The task = Exact copy without images: repeat every entry as written.

[Stored data entries]
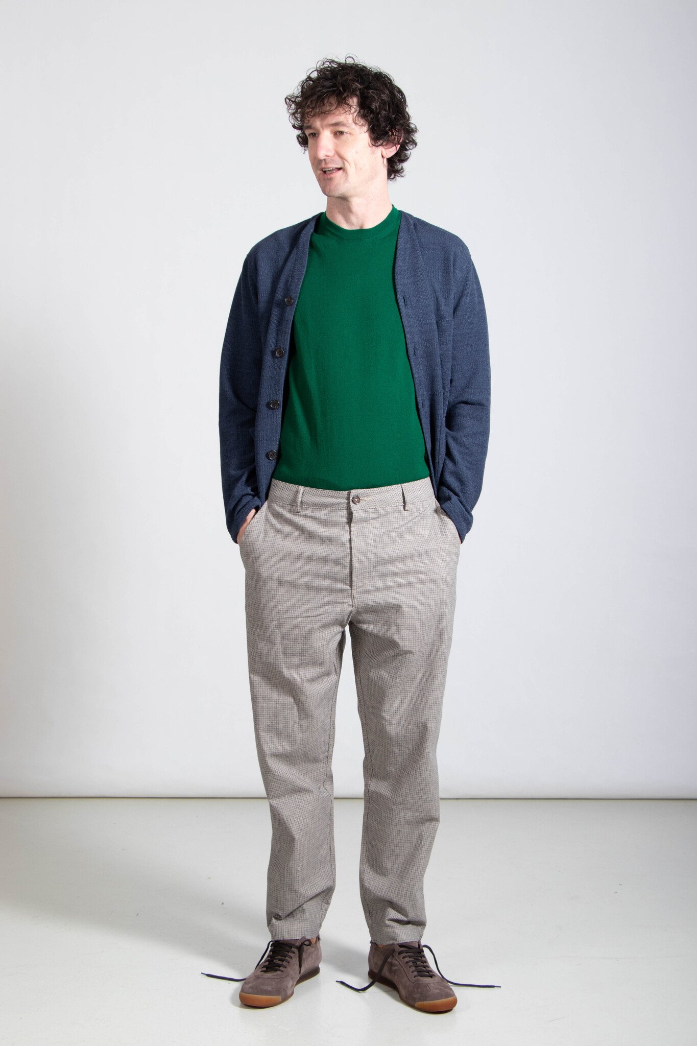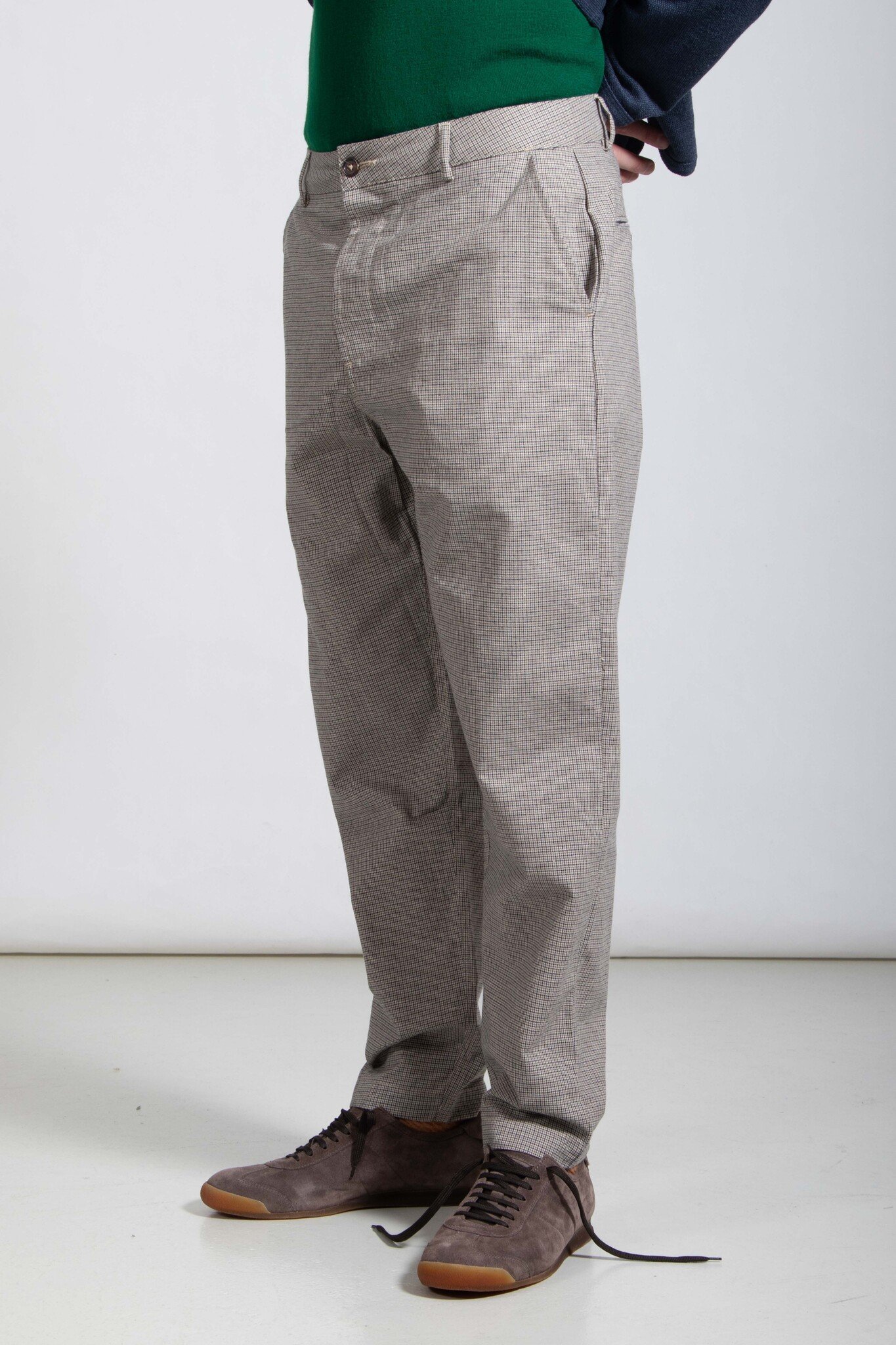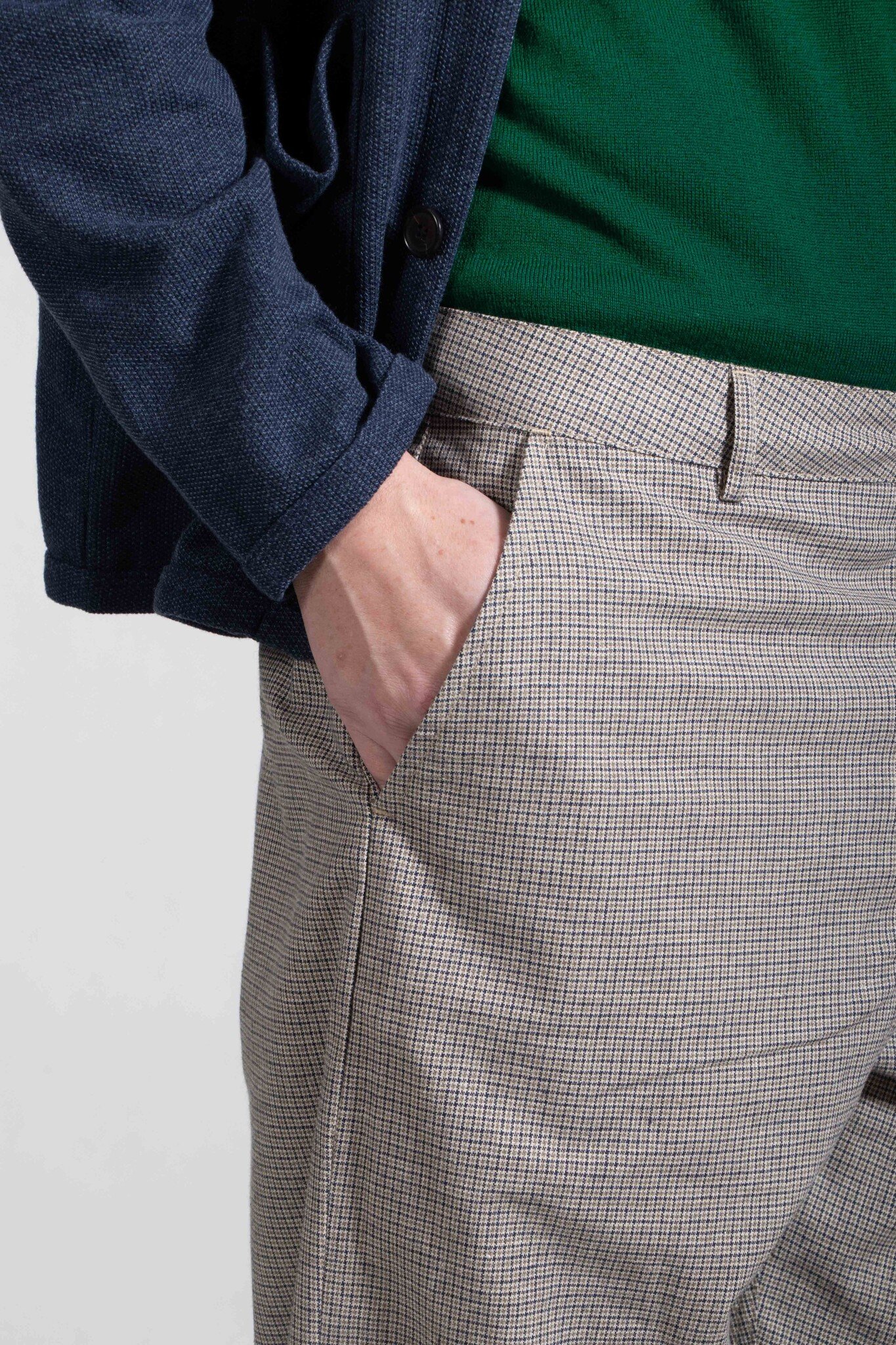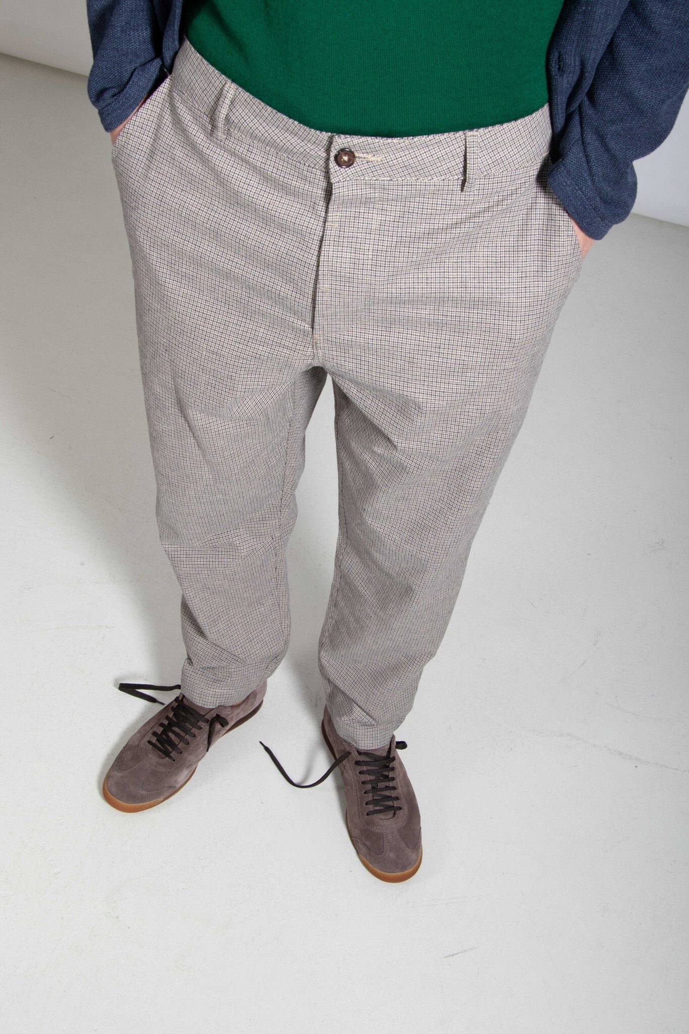 | De Military Chino, gemaakt in een klein ruitjes patroon van katoen, linnen en andere mooie stoffen. Ons model is 189 cm lang en draagt een maat 32. | |
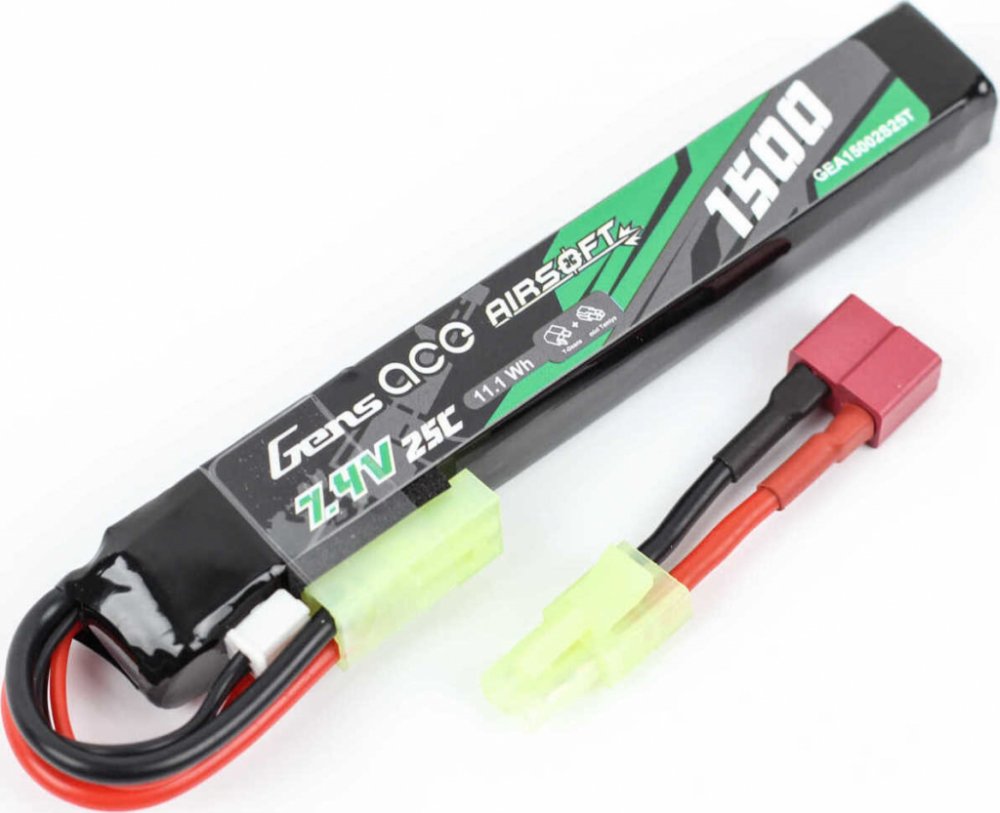 Gens ace 25C 1500mAh 2S1P 7,4V Airsoft Gun Lipo baterie s mini konektorem Tamiya Plug.
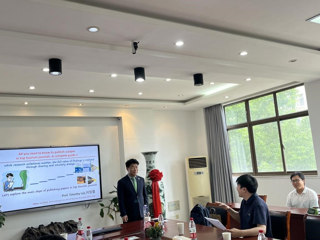 于7月12日下午在汇文楼B304会议室举办了题为《通往旅游顶刊之路:论文发表必知事项》的学术报告。报告由澳门科技大学酒店与旅游管理学院教授、博士生导师、副院长Timothy Lee主讲,活动特邀了江苏理工学院夏仿禹博士与扬州大学胡佳博士出席,后宫电影院
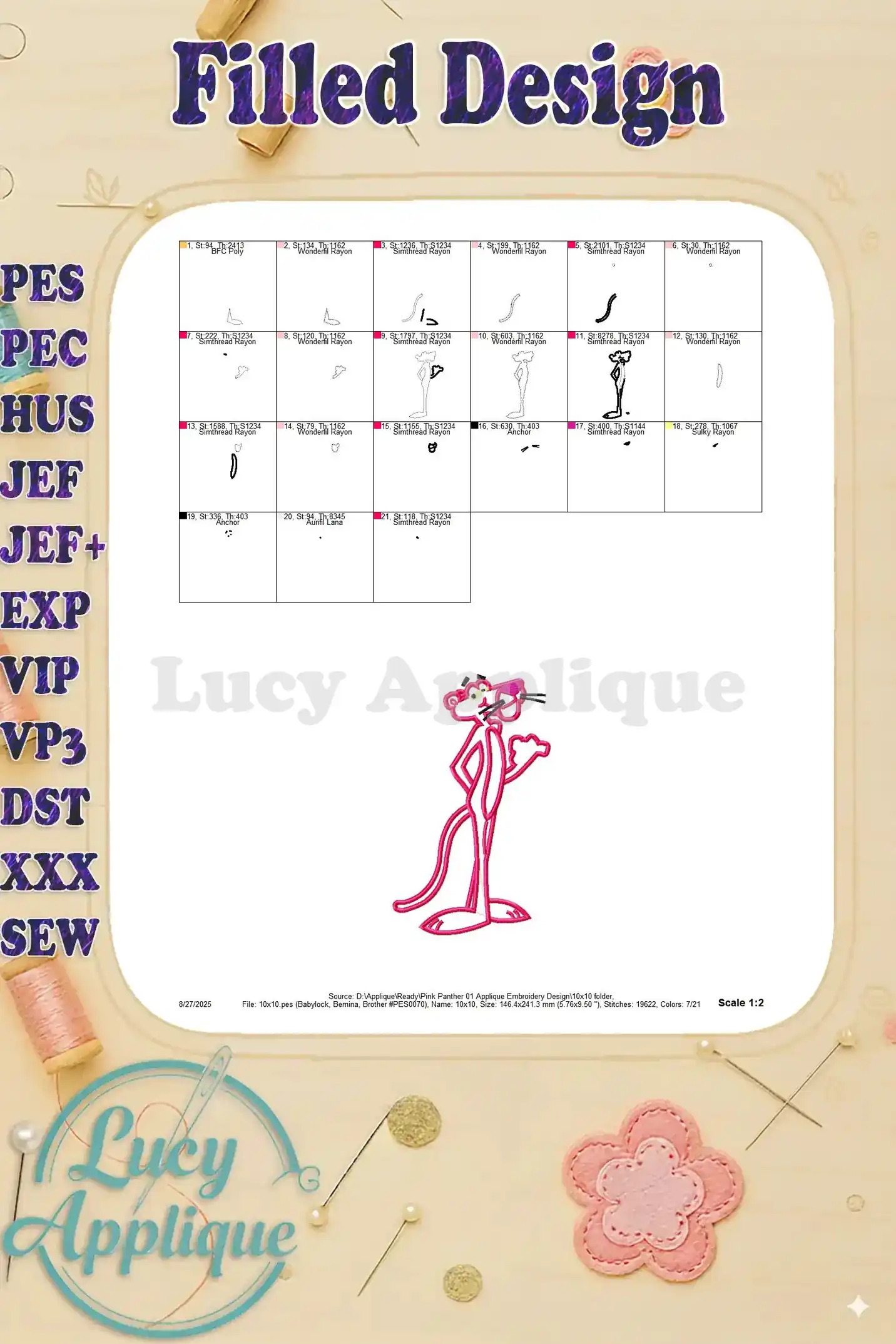 Pink Panther 01 Applique Embroidery Design – Instant Download
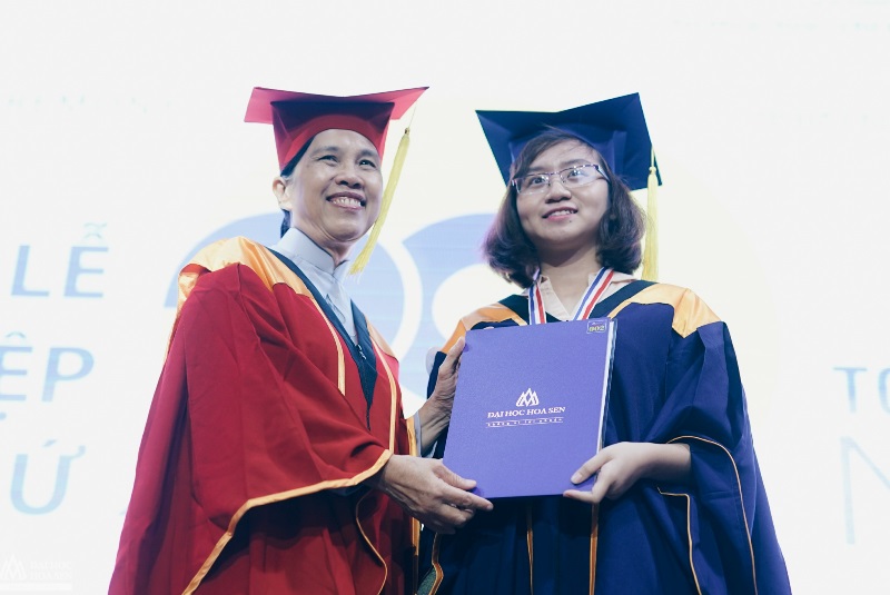 | Ts Bùi Trân Phượng trao bằng cho sinh viên ĐH Hoa Sen tốt nghiệp loại xuất sắc. Ảnh: P.T.H |

Solution to this problem =
 | De Military Chino, gemaakt in een klein ruitjes patroon van katoen, linnen en andere mooie stoffen. Ons model is 189 cm lang en draagt een maat 32. | |
 Gens ace 25C 1500mAh 2S1P 7,4V Airsoft Gun Lipo baterie s mini konektorem Tamiya Plug.
 于7月12日下午在汇文楼B304会议室举办了题为《通往旅游顶刊之路:论文发表必知事项》的学术报告。报告由澳门科技大学酒店与旅游管理学院教授、博士生导师、副院长Timothy Lee主讲,活动特邀了江苏理工学院夏仿禹博士与扬州大学胡佳博士出席,后宫电影院
 Pink Panther 01 Applique Embroidery Design – Instant Download
 | Ts Bùi Trân Phượng trao bằng cho sinh viên ĐH Hoa Sen tốt nghiệp loại xuất sắc. Ảnh: P.T.H |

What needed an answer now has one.